Source data
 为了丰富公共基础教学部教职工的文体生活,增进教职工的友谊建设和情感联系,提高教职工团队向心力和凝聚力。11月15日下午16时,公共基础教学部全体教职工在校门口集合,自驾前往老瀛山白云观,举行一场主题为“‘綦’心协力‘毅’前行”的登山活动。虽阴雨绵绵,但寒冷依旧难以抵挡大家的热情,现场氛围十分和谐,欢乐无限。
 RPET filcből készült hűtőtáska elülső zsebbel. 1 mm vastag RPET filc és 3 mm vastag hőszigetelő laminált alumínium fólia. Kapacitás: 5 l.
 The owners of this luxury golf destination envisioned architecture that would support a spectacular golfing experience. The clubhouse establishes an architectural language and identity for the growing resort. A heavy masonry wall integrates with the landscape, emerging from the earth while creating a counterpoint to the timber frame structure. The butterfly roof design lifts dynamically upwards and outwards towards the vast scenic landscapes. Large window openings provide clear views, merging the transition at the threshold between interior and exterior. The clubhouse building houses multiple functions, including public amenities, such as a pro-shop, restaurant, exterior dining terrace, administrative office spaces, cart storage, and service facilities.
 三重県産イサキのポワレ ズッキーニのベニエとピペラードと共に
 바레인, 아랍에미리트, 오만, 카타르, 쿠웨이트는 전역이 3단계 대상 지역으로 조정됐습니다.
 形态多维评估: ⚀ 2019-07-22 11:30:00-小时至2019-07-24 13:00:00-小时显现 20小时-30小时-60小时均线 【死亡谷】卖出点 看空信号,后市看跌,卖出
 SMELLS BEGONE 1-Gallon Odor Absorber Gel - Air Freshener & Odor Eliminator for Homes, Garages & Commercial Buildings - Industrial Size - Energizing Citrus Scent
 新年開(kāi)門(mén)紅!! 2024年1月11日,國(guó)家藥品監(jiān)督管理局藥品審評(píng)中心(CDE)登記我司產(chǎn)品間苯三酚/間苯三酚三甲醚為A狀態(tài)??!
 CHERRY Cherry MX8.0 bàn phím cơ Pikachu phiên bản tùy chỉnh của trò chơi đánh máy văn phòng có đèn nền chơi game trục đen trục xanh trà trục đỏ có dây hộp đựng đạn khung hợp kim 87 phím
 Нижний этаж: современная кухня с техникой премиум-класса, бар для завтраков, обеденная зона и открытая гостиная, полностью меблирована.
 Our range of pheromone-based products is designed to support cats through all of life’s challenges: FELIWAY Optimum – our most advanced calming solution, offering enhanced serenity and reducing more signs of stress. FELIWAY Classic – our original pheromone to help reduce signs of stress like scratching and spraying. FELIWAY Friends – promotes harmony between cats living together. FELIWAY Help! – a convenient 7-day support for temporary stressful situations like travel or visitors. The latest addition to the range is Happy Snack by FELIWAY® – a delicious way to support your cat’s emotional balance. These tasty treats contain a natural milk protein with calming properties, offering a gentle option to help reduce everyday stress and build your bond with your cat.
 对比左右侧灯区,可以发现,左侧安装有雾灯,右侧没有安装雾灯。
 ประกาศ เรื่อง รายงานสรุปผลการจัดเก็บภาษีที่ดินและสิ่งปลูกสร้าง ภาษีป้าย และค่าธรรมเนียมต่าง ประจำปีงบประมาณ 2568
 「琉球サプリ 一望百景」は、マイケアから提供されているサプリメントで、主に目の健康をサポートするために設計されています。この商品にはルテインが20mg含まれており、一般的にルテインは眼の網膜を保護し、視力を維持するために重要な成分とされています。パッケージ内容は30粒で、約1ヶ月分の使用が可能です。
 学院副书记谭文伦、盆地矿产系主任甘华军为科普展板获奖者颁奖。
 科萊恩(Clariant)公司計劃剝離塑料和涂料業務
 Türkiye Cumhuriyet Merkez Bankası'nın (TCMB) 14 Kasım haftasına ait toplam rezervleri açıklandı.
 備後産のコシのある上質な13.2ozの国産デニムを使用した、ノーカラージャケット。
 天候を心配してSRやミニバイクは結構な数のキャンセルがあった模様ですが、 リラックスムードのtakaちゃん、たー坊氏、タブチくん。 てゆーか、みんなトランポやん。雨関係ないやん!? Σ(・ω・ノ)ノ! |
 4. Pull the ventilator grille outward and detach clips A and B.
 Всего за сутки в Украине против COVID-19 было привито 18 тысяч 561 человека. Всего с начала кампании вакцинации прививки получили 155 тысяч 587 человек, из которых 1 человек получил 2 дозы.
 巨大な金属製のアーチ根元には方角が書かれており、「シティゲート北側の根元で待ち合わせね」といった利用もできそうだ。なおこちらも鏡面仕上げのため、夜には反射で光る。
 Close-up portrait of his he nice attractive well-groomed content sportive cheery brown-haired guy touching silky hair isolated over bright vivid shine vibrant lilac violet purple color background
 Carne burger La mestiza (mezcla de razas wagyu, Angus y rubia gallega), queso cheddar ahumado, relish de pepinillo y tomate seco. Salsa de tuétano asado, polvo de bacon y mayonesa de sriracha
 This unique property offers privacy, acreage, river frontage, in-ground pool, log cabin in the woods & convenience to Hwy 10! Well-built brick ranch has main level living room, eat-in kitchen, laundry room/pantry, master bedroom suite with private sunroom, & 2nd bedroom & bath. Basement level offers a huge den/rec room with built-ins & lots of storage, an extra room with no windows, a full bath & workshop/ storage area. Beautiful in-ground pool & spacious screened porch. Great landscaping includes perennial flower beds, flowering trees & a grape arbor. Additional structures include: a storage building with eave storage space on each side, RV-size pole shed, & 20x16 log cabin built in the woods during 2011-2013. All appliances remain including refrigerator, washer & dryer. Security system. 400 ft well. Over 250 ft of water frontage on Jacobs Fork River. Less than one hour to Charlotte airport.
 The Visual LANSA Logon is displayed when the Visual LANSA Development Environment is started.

What is expected: If a line in the entries above contains the word "well", count it, and give only the final number.

Problem solution: 2